## Contents

Adaptive Runge-Kutta method for ordinary differential equations.

The embedded methods are designed to produce an estimate of the local truncation error of a single Runge-Kutta step, and as result, allow to control the error with adaptive step-size. This is done by having two methods in the tableau, one with order p and one with order $$p-1$$.

The lower-order step is given by

$y^*_{n+1} = y_n + h\sum_{i=1}^s b^*_i k_i,$

where the $$k_{i}$$ are the same as for the higher order method.
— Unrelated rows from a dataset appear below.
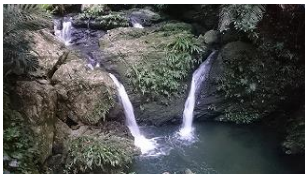
日没後はこの滝の周囲にヤエヤマボタルが・・
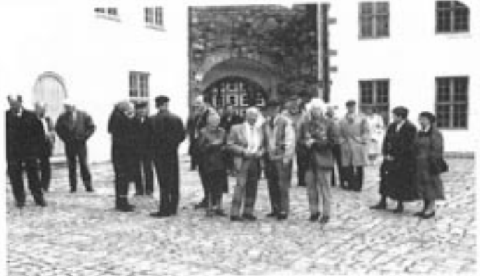
Bilveteraner i Borggården på Bergenhus.
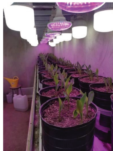
Figura 4. Híbridos de maíz con 7 días
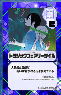
へガサス10 911人の森を焼かれたゴリラ
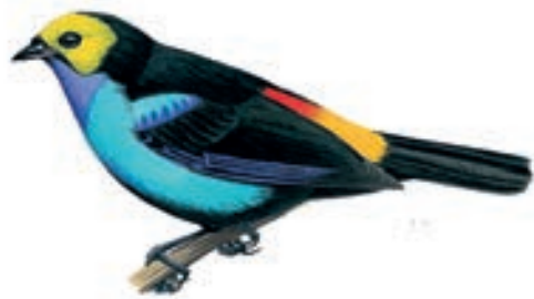
Tangara del Paraíso Tangara chilensis

Las observaciones de este grupo comenzaron a las 05:00 hasta las 12:00 horas en los sectores de Puerto Inca, Paucarcito, Sector Tzamire y el Mirador Pintuyacu.
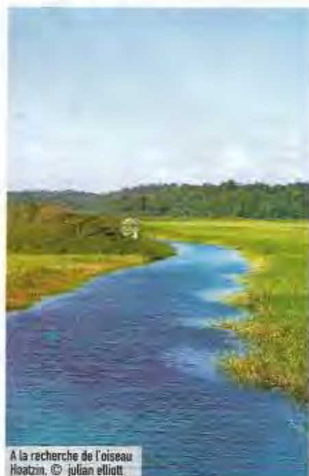
À la recherche de l'oiseau Hoatzin.

Une très belle réserve de 94 700 hectares comptant une biodiversité remarquable. Ses marécages abritent une des deux dernières populations stables de caïmans noirs d'Amérique du Sud ainsi que d'autres espèces telles que le caïman-nain de Cuvier, le Caïman-à-lunette et le Caïman-à-front. C'est aussi le lieu privilégié pour l'observation des oiseaux. On y trouve l'Hoatzin, l'unique oiseau ruminant au monde. Un univers naturel et préservé. www.marais-kaw.com
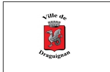
Ville de Draguignan www.ville-draguignan.fr
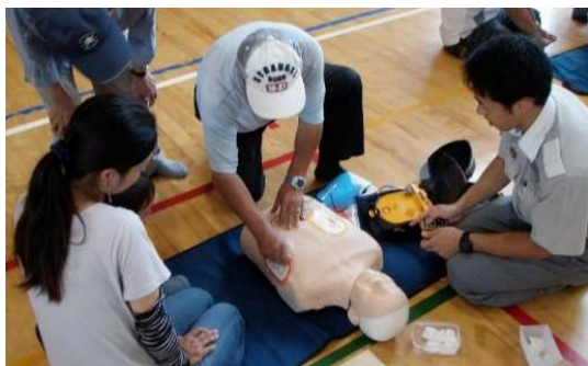
AED(自動体外式除細動器)の使い方を実践
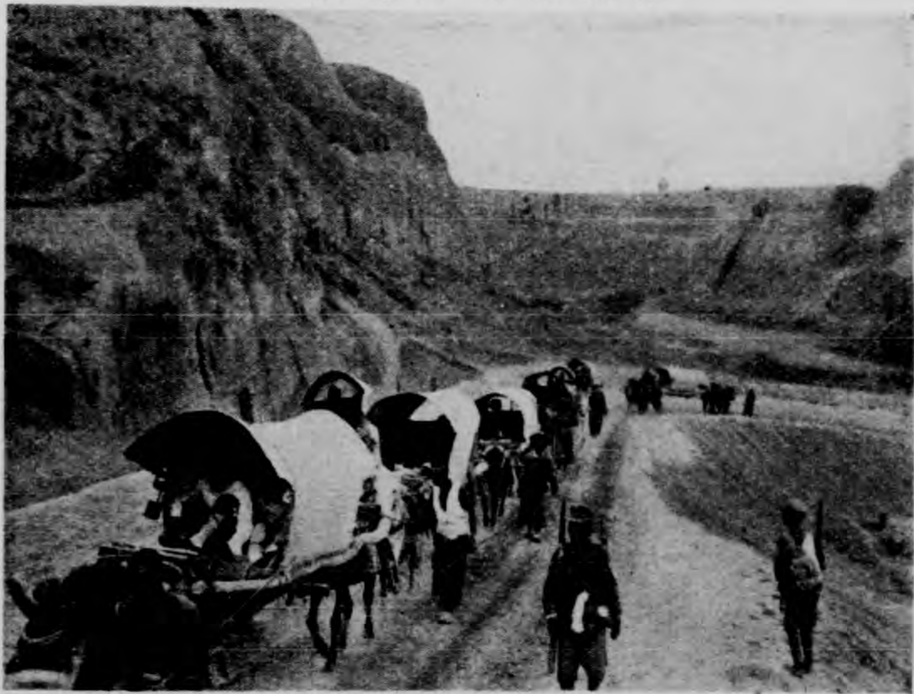
發出原三從帶如蜒蜿隊窩夾

Then the error is

$e_{n+1} = y_{n+1} - y^*_{n+1} = h\sum_{i=1}^s (b_i - b^*_i) k_i,$

which is $$O(h^{p})$$. The Butcher Tableau for this kind of method is extended to give the values of $$b_{i}^{*}$$

$\begin{split}\begin{array}{c|cccc} c_1 & a_{11} & a_{12}& \dots & a_{1s}\\ c_2 & a_{21} & a_{22}& \dots & a_{2s}\\ \vdots & \vdots & \vdots& \ddots& \vdots\\ c_s & a_{s1} & a_{s2}& \dots & a_{ss} \\ \hline & b_1 & b_2 & \dots & b_s\\ & b_1^* & b_2^* & \dots & b_s^*\\ \end{array}\end{split}$
Parameters:
• f (callable) – The derivative function.

• show_code (bool) – Whether show the formatted code.

• dt (float) – The numerical precision.